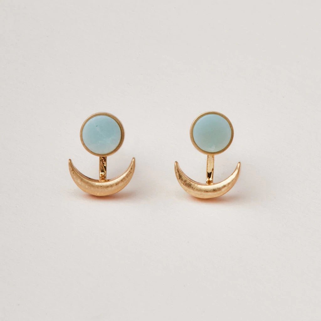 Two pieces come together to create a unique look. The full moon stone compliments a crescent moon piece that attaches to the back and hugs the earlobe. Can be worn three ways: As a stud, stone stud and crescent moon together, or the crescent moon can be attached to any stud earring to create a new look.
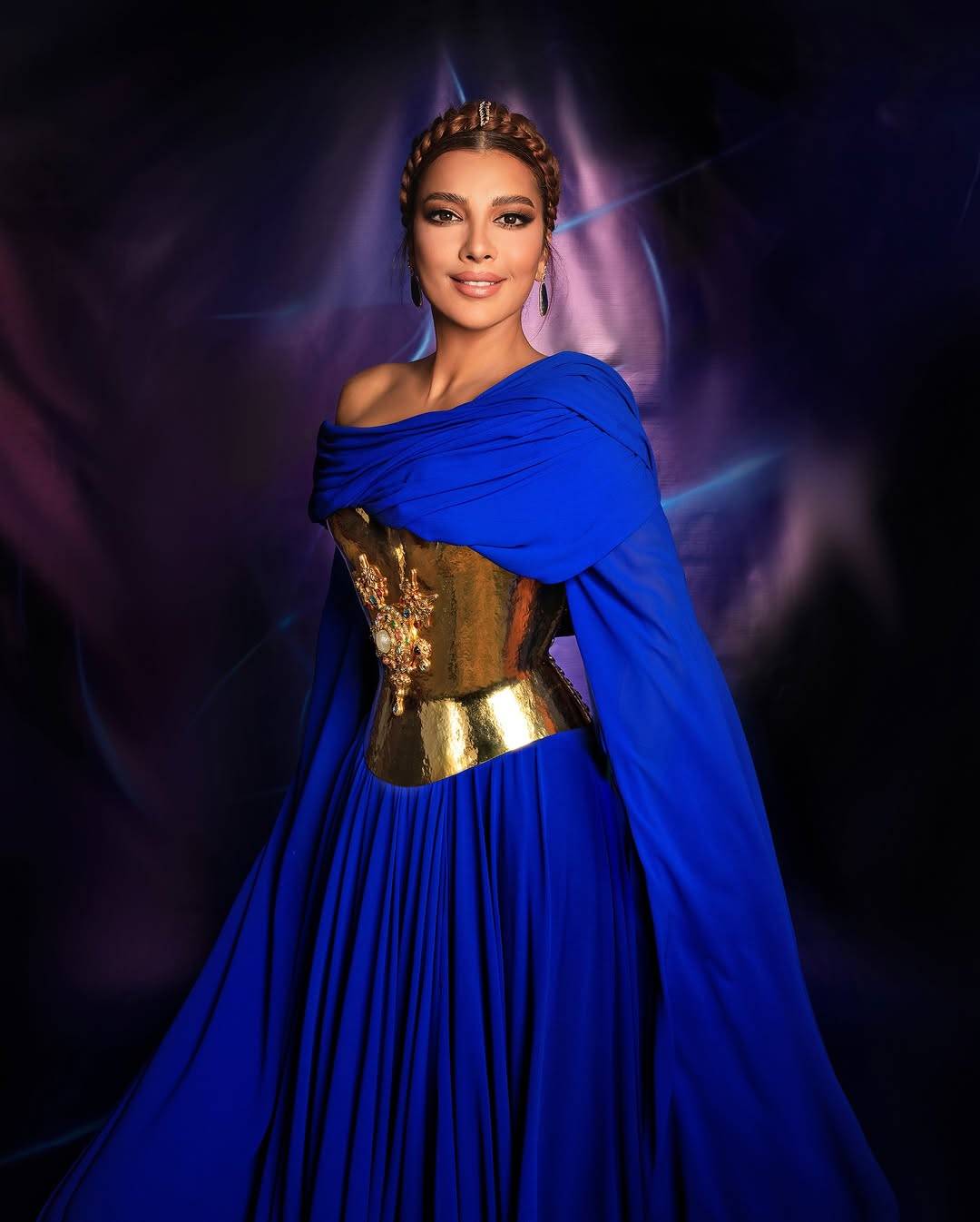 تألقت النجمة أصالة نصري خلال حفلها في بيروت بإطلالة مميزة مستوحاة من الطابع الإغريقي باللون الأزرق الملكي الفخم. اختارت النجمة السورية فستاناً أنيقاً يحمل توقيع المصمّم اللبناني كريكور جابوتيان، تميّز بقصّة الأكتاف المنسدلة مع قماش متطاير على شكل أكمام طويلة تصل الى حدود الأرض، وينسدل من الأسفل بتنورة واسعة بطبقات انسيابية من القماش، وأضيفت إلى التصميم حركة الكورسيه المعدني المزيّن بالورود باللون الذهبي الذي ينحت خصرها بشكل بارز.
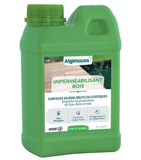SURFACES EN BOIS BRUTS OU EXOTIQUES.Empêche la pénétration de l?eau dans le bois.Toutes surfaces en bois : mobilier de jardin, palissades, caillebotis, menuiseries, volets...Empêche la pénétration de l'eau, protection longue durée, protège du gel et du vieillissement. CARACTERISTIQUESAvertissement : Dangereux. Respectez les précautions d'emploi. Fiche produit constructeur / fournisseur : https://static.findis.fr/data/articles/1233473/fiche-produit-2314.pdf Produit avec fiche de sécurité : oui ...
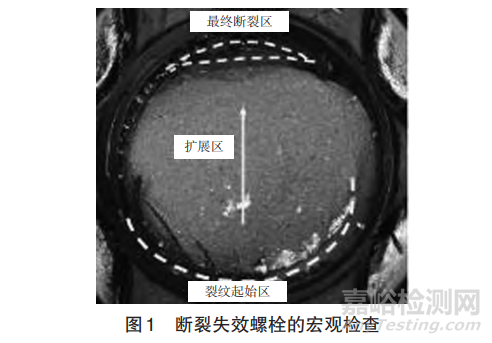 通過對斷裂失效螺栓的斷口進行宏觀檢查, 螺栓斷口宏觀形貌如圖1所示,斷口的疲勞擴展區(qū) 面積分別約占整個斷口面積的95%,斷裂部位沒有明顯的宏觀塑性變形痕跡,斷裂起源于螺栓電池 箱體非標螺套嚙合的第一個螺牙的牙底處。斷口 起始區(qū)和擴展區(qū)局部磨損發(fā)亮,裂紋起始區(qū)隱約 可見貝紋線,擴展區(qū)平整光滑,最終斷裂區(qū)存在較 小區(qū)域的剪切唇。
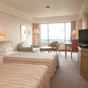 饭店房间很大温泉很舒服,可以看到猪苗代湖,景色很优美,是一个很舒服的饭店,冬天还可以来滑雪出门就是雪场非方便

____

### Description of the task
Without including any pictures, output all the entries above exactly.

### Reply
 Two pieces come together to create a unique look. The full moon stone compliments a crescent moon piece that attaches to the back and hugs the earlobe. Can be worn three ways: As a stud, stone stud and crescent moon together, or the crescent moon can be attached to any stud earring to create a new look.
 تألقت النجمة أصالة نصري خلال حفلها في بيروت بإطلالة مميزة مستوحاة من الطابع الإغريقي باللون الأزرق الملكي الفخم. اختارت النجمة السورية فستاناً أنيقاً يحمل توقيع المصمّم اللبناني كريكور جابوتيان، تميّز بقصّة الأكتاف المنسدلة مع قماش متطاير على شكل أكمام طويلة تصل الى حدود الأرض، وينسدل من الأسفل بتنورة واسعة بطبقات انسيابية من القماش، وأضيفت إلى التصميم حركة الكورسيه المعدني المزيّن بالورود باللون الذهبي الذي ينحت خصرها بشكل بارز.
SURFACES EN BOIS BRUTS OU EXOTIQUES.Empêche la pénétration de l?eau dans le bois.Toutes surfaces en bois : mobilier de jardin, palissades, caillebotis, menuiseries, volets...Empêche la pénétration de l'eau, protection longue durée, protège du gel et du vieillissement. CARACTERISTIQUESAvertissement : Dangereux. Respectez les précautions d'emploi. Fiche produit constructeur / fournisseur : https://static.findis.fr/data/articles/1233473/fiche-produit-2314.pdf Produit avec fiche de sécurité : oui ...
 通過對斷裂失效螺栓的斷口進行宏觀檢查, 螺栓斷口宏觀形貌如圖1所示,斷口的疲勞擴展區(qū) 面積分別約占整個斷口面積的95%,斷裂部位沒有明顯的宏觀塑性變形痕跡,斷裂起源于螺栓電池 箱體非標螺套嚙合的第一個螺牙的牙底處。斷口 起始區(qū)和擴展區(qū)局部磨損發(fā)亮,裂紋起始區(qū)隱約 可見貝紋線,擴展區(qū)平整光滑,最終斷裂區(qū)存在較 小區(qū)域的剪切唇。
 饭店房间很大温泉很舒服,可以看到猪苗代湖,景色很优美,是一个很舒服的饭店,冬天还可以来滑雪出门就是雪场非方便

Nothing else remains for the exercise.